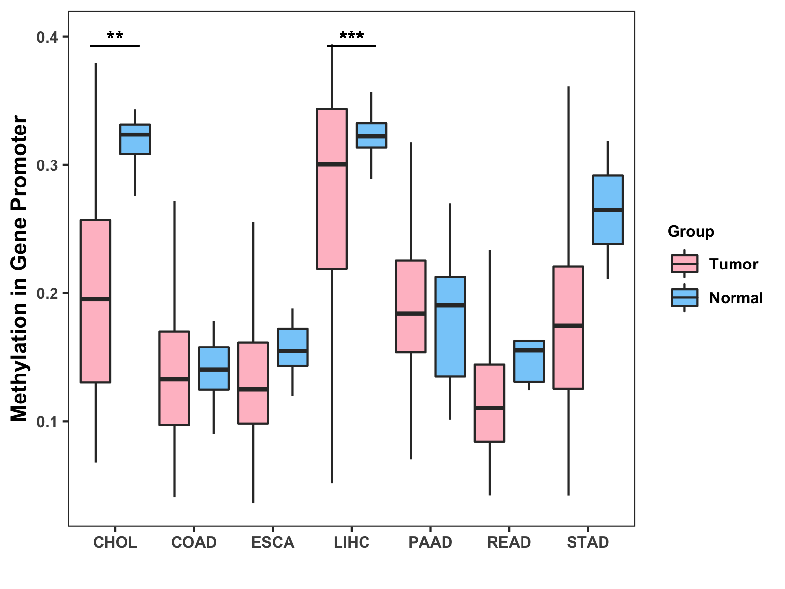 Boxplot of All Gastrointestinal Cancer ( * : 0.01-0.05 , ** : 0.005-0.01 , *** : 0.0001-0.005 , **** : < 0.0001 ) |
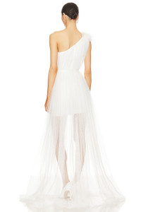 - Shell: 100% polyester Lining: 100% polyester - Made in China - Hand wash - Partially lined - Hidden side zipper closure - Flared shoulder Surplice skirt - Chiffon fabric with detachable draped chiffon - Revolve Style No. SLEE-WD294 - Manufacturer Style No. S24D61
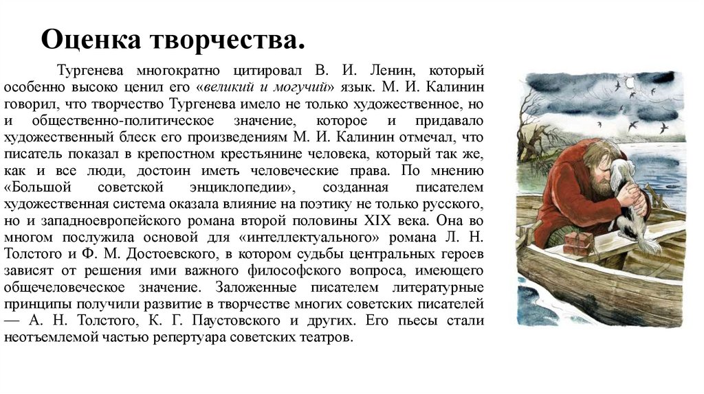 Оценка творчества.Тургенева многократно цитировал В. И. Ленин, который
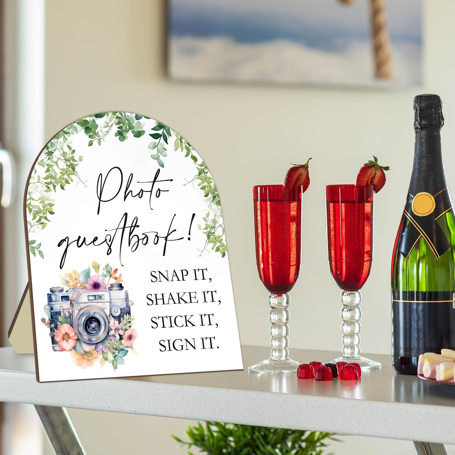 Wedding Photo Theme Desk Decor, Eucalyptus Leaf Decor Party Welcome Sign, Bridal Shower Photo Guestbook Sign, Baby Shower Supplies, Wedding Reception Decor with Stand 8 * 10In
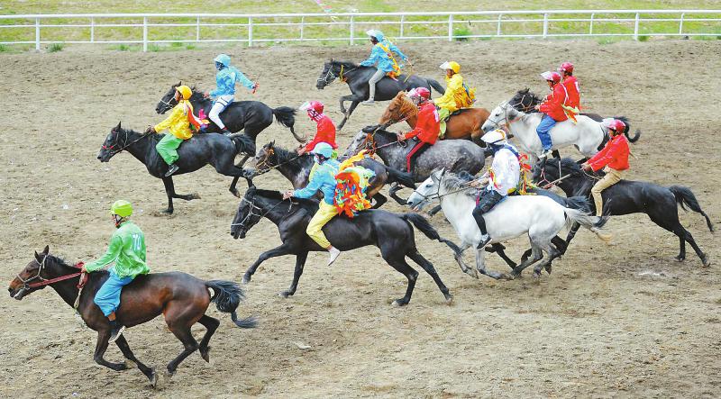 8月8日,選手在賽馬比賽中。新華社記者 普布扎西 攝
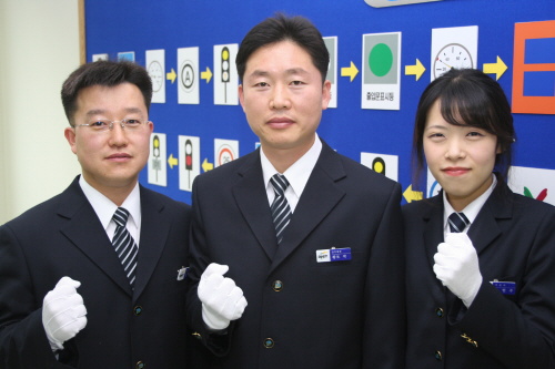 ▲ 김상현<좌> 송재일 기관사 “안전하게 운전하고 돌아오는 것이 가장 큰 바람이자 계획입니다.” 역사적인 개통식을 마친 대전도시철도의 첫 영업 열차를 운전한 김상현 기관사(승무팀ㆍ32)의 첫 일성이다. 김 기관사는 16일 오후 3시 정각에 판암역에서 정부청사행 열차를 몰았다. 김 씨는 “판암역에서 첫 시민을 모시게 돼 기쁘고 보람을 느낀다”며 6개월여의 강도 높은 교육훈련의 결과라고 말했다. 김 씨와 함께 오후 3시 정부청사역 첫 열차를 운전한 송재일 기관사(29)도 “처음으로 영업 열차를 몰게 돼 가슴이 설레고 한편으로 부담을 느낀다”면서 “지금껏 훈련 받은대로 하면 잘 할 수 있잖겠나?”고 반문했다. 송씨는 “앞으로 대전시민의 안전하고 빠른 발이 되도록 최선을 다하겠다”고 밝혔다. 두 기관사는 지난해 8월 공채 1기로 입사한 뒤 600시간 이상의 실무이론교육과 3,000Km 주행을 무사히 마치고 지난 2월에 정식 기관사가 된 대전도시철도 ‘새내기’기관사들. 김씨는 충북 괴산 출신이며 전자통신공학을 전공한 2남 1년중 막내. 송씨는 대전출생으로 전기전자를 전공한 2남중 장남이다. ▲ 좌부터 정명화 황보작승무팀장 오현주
+ + + +
◆ WHAT YOU SHOULD DO:
Please leave out the pictures as you reproduce the lines exactly, from the first line of the entries through the line containing "8月8日,選手在賽馬比賽中。新華社記者 普布扎西 攝".

◆ RESPONSE BOX:
 Boxplot of All Gastrointestinal Cancer ( * : 0.01-0.05 , ** : 0.005-0.01 , *** : 0.0001-0.005 , **** : < 0.0001 ) |
 - Shell: 100% polyester Lining: 100% polyester - Made in China - Hand wash - Partially lined - Hidden side zipper closure - Flared shoulder Surplice skirt - Chiffon fabric with detachable draped chiffon - Revolve Style No. SLEE-WD294 - Manufacturer Style No. S24D61
 Оценка творчества.Тургенева многократно цитировал В. И. Ленин, который
 Wedding Photo Theme Desk Decor, Eucalyptus Leaf Decor Party Welcome Sign, Bridal Shower Photo Guestbook Sign, Baby Shower Supplies, Wedding Reception Decor with Stand 8 * 10In
 8月8日,選手在賽馬比賽中。新華社記者 普布扎西 攝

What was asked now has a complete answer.